Information —
* * *

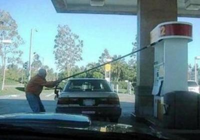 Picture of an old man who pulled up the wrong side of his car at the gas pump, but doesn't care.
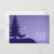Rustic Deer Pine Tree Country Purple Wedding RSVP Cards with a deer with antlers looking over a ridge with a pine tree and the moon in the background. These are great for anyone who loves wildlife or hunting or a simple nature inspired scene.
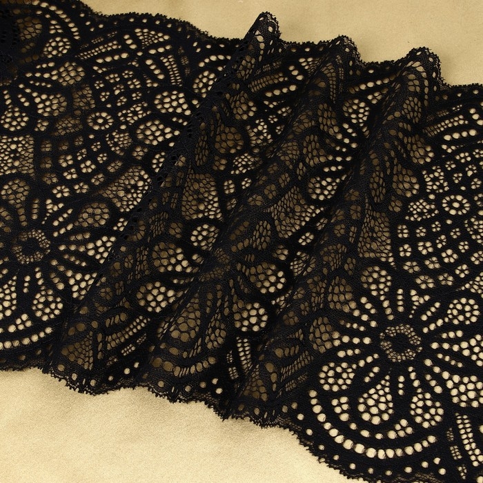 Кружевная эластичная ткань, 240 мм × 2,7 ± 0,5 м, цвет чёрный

* * *

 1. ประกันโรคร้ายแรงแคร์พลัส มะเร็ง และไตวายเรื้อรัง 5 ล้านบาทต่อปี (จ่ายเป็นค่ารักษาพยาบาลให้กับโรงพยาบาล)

* * *

Exercise brief — Only one part of the material above is wanted: the lines from the one with "Picture of an" up to and including the one with "Кружевная эластичная ткань, 240". Please copy them exactly, pictures left out.

Result of this task —
 Picture of an old man who pulled up the wrong side of his car at the gas pump, but doesn't care.
Rustic Deer Pine Tree Country Purple Wedding RSVP Cards with a deer with antlers looking over a ridge with a pine tree and the moon in the background. These are great for anyone who loves wildlife or hunting or a simple nature inspired scene.
 Кружевная эластичная ткань, 240 мм × 2,7 ± 0,5 м, цвет чёрный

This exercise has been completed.